There is, of course, a danger in overstating our cultural literacy. Too often we wear it not lightly enough. Although we have good reasons to celebrate Australian multiculturalism, particularly the nation-building success of immigration, we can verge on ostentatious self-congratulation.

In our popular culture, for example, cultural literacy has been reduced to culinary sophistication. If the old world of Europe had its ballet, opera and literature, the new world of Australia had its cultural temples in the form of fine dining. We venerate our chefs; indeed, we aspire to be masterchefs. It is no accident that so many of our most popular television programs involve the expression of so-called Modern Australian fusion. For many Australians, this represents the apogee of diversity.

Historian Frank Bongiorno traces these developments to the 1980s. During that decade, we saw Australian mimics adapt nouvelle cuisine for domestic tastes. Food and wine became the currency of a local cosmopolitanism:

The cosmopolitan citizen could tell her Shiraz from her Cabernet Sauvignon and knew how to pronounce both focaccia and roulade. Salad, meanwhile, was no longer shorthand for iceberg lettuce, sliced tomatoes and grated carrot. Alfalfa, chives, snow peas and mustard cress now graced the bowl, which might also include warm duck or lobster.[11]
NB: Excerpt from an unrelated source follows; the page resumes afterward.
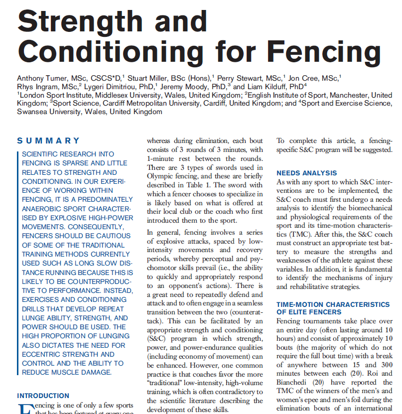 SCIENTIFIC RESEARCH INTO FENCING IS SPARSE AND LITTLE RELATES TO STRENGTH AND CONDITIONING. IN OUR EXPERIENCE OF WORKING WITHIN FENCING, IT IS A PREDOMINATELY ANAEROBIC SPORT CHARACTERISED BY EXPLOSIVE HIGH-POWER MOVEMENTS. CONSEQUENTLY, FENCERS SHOULD BE CAUTIOUS OF SOME OF THE TRADITIONAL TRAINING METHODS CURRENTLY USED SUCH AS LONG SLOW DISTANCE RUNNING BECAUSE THIS IS LIKELY TO BE COUNTERPRODUCTIVE TO PERFORMANCE. INSTEAD, EXERCISES AND CONDITIONING DRILLS THAT DEVELOP REPEAT LUNGE ABILITY, STRENGTH, AND POWER SHOULD BE USED. THE HIGH PROPORTION OF LUNGING

This new shift would also be reflected in the change in our drinking habits. Australians would expand their embrace of wine, with chardonnay replacing riesling as the most favoured variety. Our consumption of beer also had a new character. As Bongiorno observes, ‘boutique or pub-brewed beers provided a means of combining cosmopolitan sophistication, contempt for Alan Bond and John Elliott, and the love of drink still most commonly associated with the old Australia’.[12]

Yet does such self-conscious sophistication translate into something of genuine cultural depth?

It’s often said, particularly by our television chefs, as they lead us through yet another tour of a culinary landscape, that we can only truly understand a culture through food. They will tell us that sitting down for a meal helps to break down barriers of misunderstanding. Every week, for an hour, our spirits are renewed. We are reminded that our common humanity requires only a simple meal for affirmation. However, it is unclear to me whether this holds in our popular culture of food consumption.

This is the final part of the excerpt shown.